- **DESCRIPTION OF THE TASK**: Stop at the line containing "Zubereitung des Abendessens": write out every line from the beginning of the entries up to and including it, minus the pictures.

[DATA FOR THIS EXERCISE]

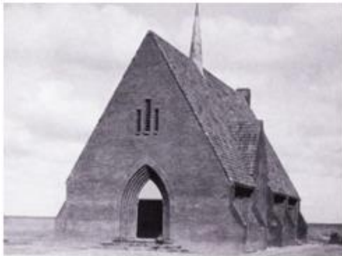
Het gereformeerde 'recreatiegebouw' te Slootdorp.

Maar het was vooral een gereformeerde kerk... Het gebouwtje deed dienst van 21 juli 1932 tot 2 april 1938, toen daar de laatste dienst gehouden werd en de nieuwe, grotere kerk in gebruik genomen werd.
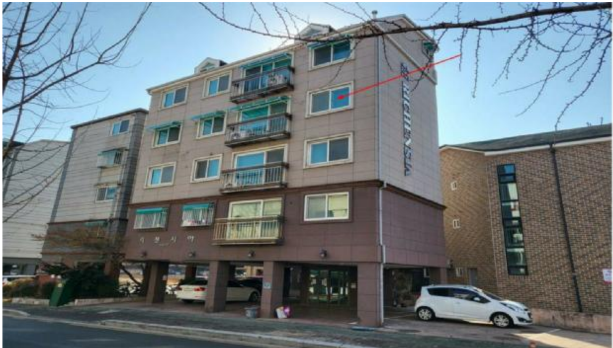
본 건 전 경
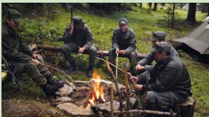
Zubereitung des Abendessens

platz Seetal um ein Feldlager zu errichten. Ziel der Ausbildung war es, die Feldverwendbarkeit der Soldaten herzustellen. Aus eigener Erfahrung wissen wir, dass im Auslandseinsatz Soldaten jederzeit und überall dort eingesetzt werden, wo sie benötigt werden. Ein Dach über dem Kopf, Toiletanlagen, Dusche, etc. gibt es dort in der Regel nicht und trotzdem muss ein Auftrag über längere Zeit ausgeführt werden. Hinzu kom-
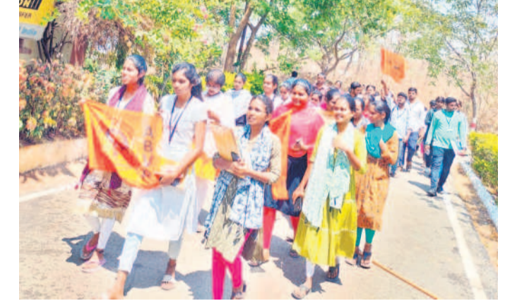
వర్షిలో పేరు మార్చేవద్దని టీఎంసీలో విద్యార్థులు రాల్చి నిర్యహిస్తున్న విద్యార్థులు

డివీషన్ల మార్చి 12: తెలంగాణ యూనివర్సిటీ వారి అయిన వైఎస్ రాజశేఖరరెడ్డి తెలంగాణ పేరును మార్చునున్నారనే ప్రచారం ఉమ్మడి జిల్లాలో తీవ్ర చర్చనీయాంశమైంది. మన ఆత్మగౌరవానికి, అస్తిత్వానికి ప్రతిక అయిన 'తెలంగాణ'ను మార్చాలన్న ప్రతిపాదనలపై సంస్కృతా ఆగ్రహం వ్యక్తమవుతున్నది. ఇప్పటికే విద్యార్థి లోకం భగ్గుమంటున్నది. విద్యార్థి సంఘాలు అందోళన బాట పట్టాయి. రెండో జూలూ యూనివర్సిటీలో నిరసనలు, ధర్నాలు చేపట్టాయి. టీఆర్ఎస్, ఏపీ, ఎస్ఎఫ్ఐ, పీడీఎంసూ, బీసీ విద్యార్థి సంఘం పోరాటాలకు సిద్ధమవుతున్నాయి. ఈశ్వరీబాయి యూనివర్సిటీగా మార్చాలన్న ప్రతిపాదనలు వెంటనే వెనక్కి తీసుకోవాలని, లేక విద్యార్థి సంఘం లేవనెత్తిన ఇప్పటికే హెచ్చరికలు జారీ చేశారు.
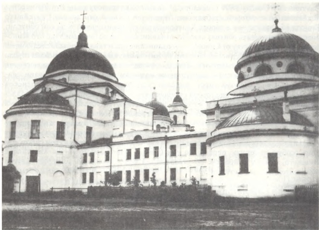
Новотихвинский женский монастырь [конец XIX — начало XX в.]

Православные русские обители. Спб, 1910. — С.167-168.
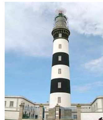
Phare du Créac'h
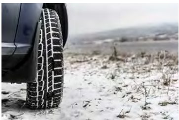
Ef það ferst fyrir að setja sumar-dekkinn undir bílinn getur það kostað 20 þúsund á dekk.

Á meðan á hjólbarðaskiptum stendur getur eigandi bílsins setið á kaffistofunni og slappað af. Verkstæðismennirnir finna dekkinn, setja þau undir, athuga með loft og gæði og setja vetrardekkinn í geysluna. Mynstur í dekkjum eru háð reglum og fagmennirnir á verkstæðinu athuga hvort þau eru lögleg. Dekkjahótel eru því óeitanlega þægilegur kostur þegar maður hefur fundið „sitt“ hjólbarðaverkstæði.
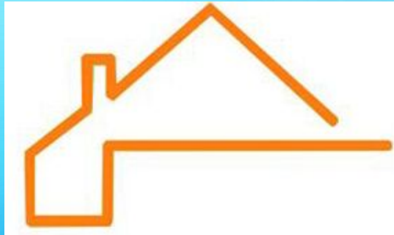
Изображение двускатной крыши дома (основа логотипа)

В основу дизайн-концепции фирменного стиля строительной компании «Дом и К» легло стилизованное изображение двускатной крыши дома и трубы, которые стали основой логотипа, что послужило своеобразной крышей, под которой расположено название компании.
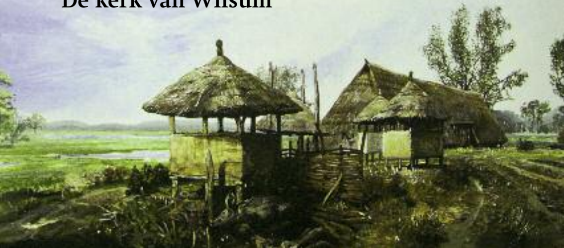
Eerste bewoning op hoge plaatsen langs de rivier.

[/DATA FOR THIS EXERCISE]

- **TASK RESULT**:
Het gereformeerde 'recreatiegebouw' te Slootdorp.

Maar het was vooral een gereformeerde kerk... Het gebouwtje deed dienst van 21 juli 1932 tot 2 april 1938, toen daar de laatste dienst gehouden werd en de nieuwe, grotere kerk in gebruik genomen werd.
본 건 전 경
Zubereitung des Abendessens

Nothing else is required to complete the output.